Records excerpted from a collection
== == ==

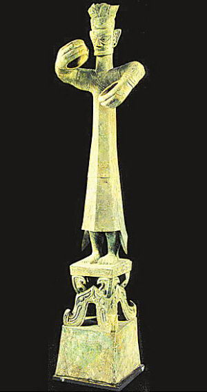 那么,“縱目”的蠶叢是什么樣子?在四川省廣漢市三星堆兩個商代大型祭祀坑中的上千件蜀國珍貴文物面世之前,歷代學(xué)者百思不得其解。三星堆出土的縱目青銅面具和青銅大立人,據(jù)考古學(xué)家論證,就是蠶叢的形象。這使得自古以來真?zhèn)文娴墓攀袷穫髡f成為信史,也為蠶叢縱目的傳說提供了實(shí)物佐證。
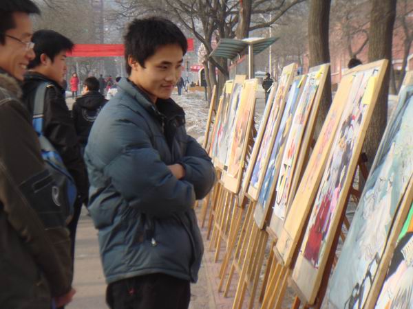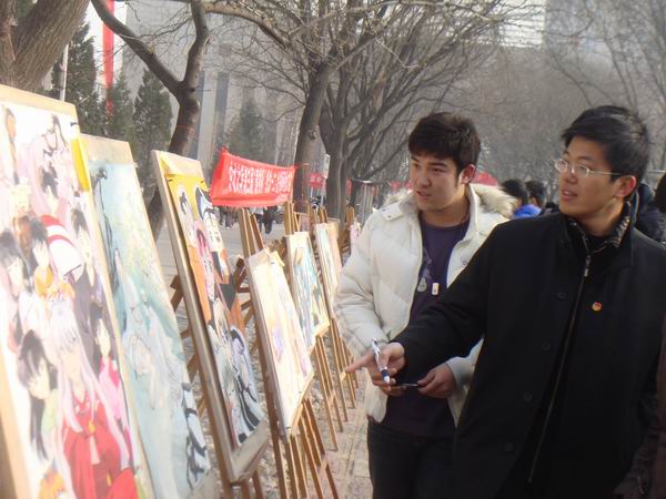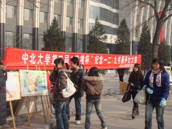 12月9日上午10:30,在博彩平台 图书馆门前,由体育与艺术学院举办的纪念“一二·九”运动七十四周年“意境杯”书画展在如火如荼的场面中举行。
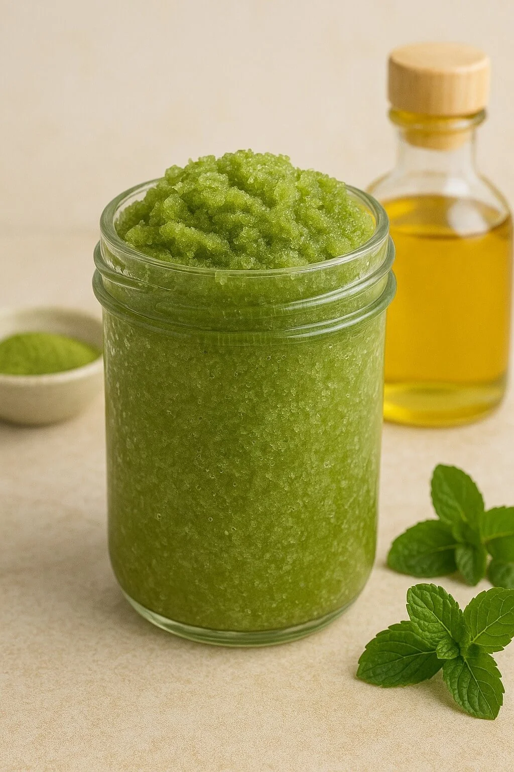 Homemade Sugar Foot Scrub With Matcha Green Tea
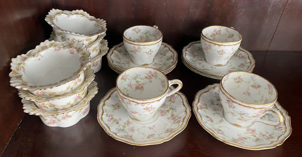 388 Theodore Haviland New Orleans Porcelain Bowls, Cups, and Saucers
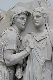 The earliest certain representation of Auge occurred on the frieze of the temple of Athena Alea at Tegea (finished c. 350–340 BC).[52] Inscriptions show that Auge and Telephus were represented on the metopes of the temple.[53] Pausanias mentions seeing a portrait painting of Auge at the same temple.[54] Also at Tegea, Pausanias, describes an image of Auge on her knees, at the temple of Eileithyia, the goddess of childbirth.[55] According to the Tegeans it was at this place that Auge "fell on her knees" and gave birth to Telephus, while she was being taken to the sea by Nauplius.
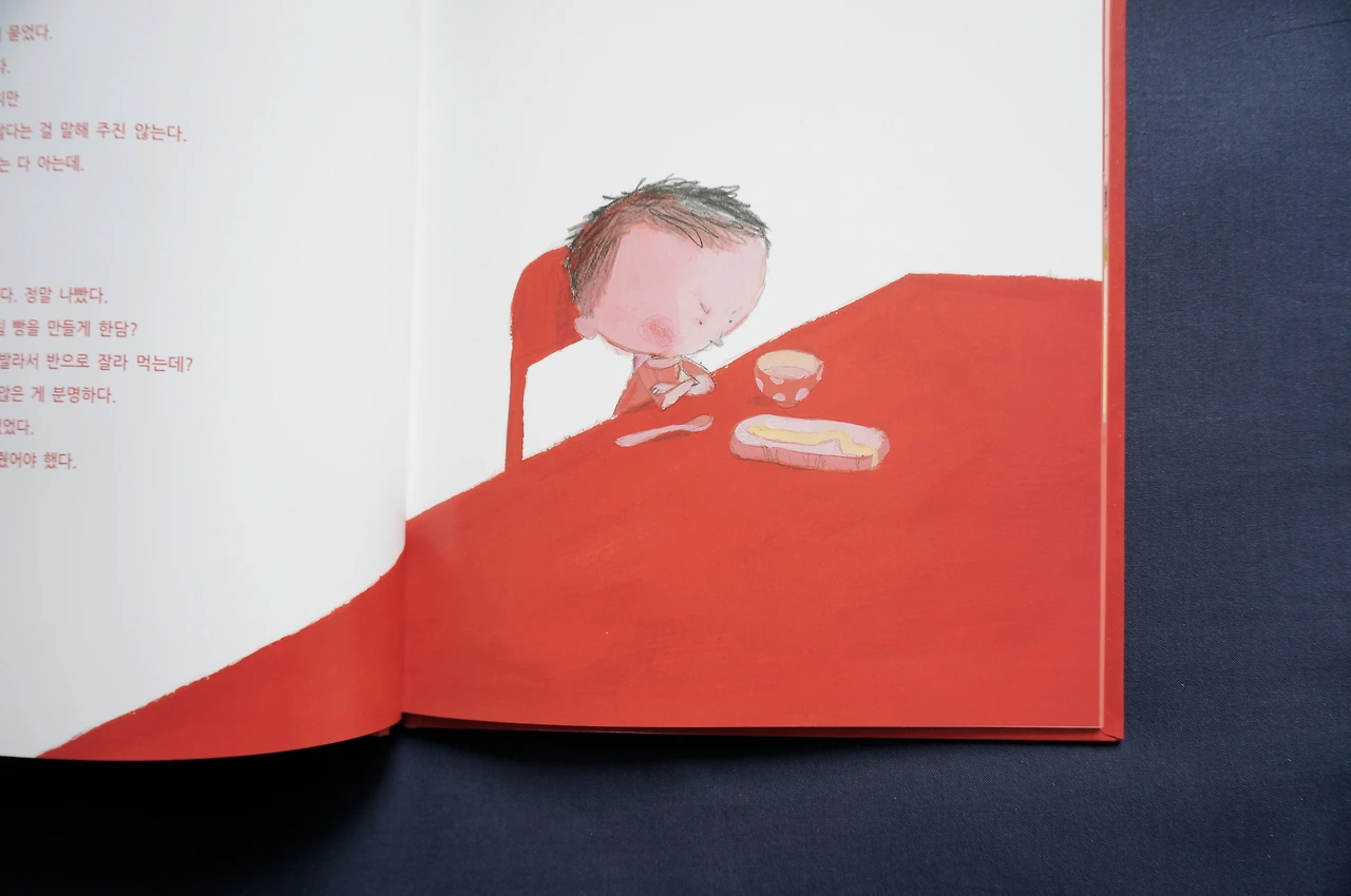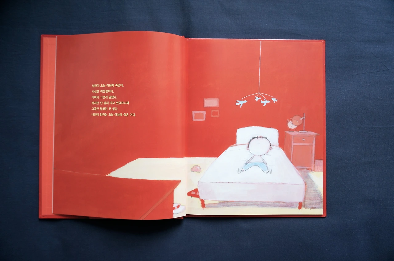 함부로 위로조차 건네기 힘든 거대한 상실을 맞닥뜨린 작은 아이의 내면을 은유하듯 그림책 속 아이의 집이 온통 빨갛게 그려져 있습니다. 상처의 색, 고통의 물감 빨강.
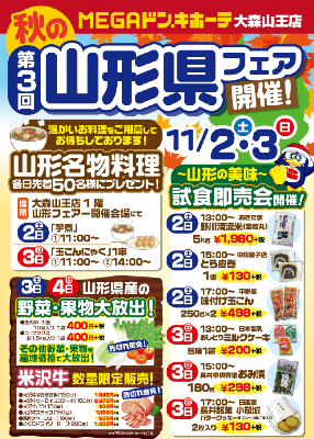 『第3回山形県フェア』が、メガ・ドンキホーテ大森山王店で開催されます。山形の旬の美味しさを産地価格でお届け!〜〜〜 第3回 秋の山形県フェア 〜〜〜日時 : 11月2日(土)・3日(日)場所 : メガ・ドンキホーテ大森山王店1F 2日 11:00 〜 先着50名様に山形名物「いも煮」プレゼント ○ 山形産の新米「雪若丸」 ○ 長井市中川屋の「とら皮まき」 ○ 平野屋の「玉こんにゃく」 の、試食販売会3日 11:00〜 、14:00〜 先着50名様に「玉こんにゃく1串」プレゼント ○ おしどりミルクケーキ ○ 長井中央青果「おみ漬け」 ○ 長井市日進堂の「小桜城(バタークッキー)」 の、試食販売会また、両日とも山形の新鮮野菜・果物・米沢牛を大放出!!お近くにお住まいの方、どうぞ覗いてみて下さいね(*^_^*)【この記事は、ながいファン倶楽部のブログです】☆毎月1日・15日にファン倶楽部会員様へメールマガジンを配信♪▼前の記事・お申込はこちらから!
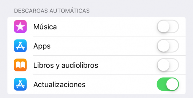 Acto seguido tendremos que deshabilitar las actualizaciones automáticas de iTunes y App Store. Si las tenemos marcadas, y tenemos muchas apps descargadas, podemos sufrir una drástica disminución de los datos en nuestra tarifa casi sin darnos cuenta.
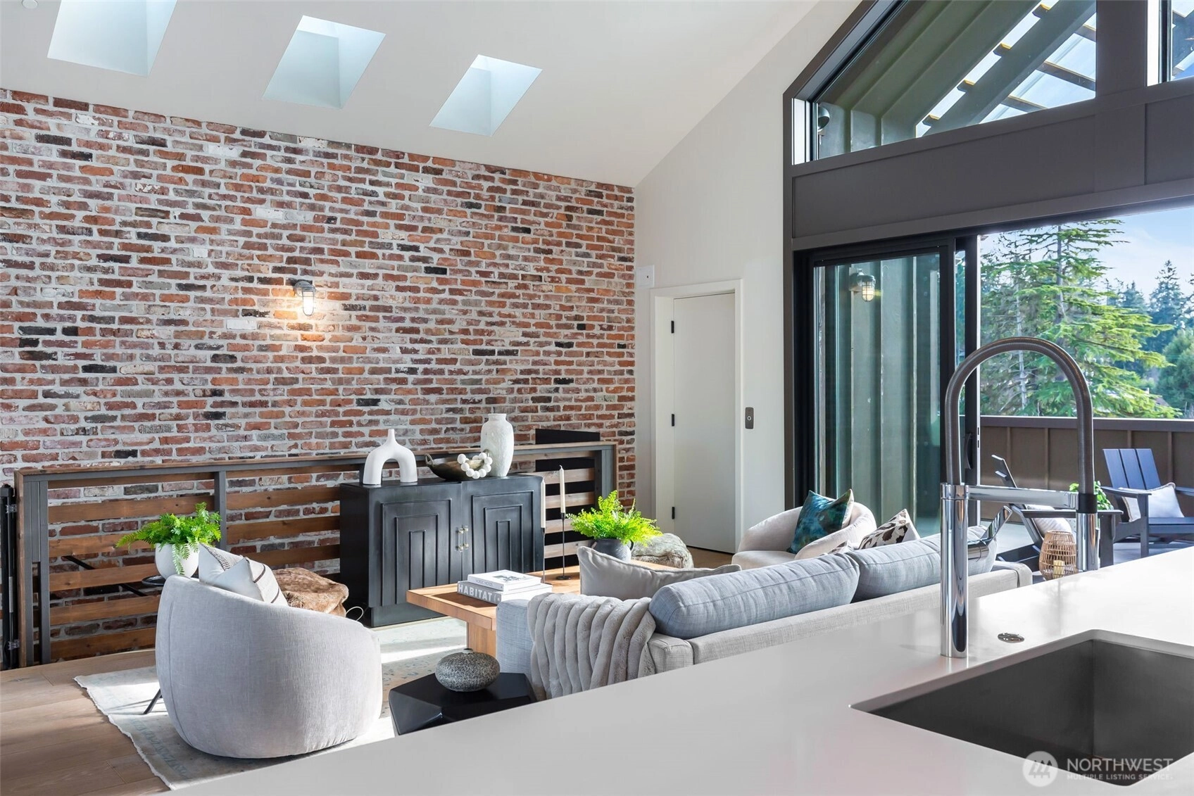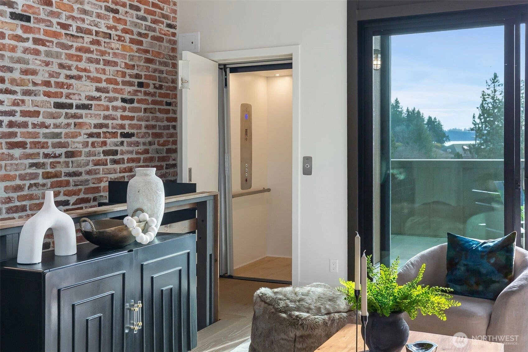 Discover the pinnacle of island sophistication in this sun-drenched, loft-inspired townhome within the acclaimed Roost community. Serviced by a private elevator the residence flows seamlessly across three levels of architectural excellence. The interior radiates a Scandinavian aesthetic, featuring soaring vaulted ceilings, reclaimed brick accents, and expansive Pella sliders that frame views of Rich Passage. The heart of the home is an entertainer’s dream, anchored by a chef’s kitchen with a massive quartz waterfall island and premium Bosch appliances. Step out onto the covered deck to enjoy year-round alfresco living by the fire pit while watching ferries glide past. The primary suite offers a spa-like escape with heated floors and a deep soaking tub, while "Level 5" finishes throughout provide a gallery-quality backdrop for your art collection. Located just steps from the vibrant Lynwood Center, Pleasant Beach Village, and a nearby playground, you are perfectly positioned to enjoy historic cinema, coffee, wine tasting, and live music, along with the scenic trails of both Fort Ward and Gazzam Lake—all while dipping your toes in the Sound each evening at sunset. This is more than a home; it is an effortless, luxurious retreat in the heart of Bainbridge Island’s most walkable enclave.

== == ==

• [Task objective]:
Word for word, restate the lines above from the one with "12月9日上午10:30,在" through the one with "388 Theodore Haviland", keeping both ends and dropping the pictures.

• [Result of the exercise]:
 12月9日上午10:30,在博彩平台 图书馆门前,由体育与艺术学院举办的纪念“一二·九”运动七十四周年“意境杯”书画展在如火如荼的场面中举行。
 Homemade Sugar Foot Scrub With Matcha Green Tea
 388 Theodore Haviland New Orleans Porcelain Bowls, Cups, and Saucers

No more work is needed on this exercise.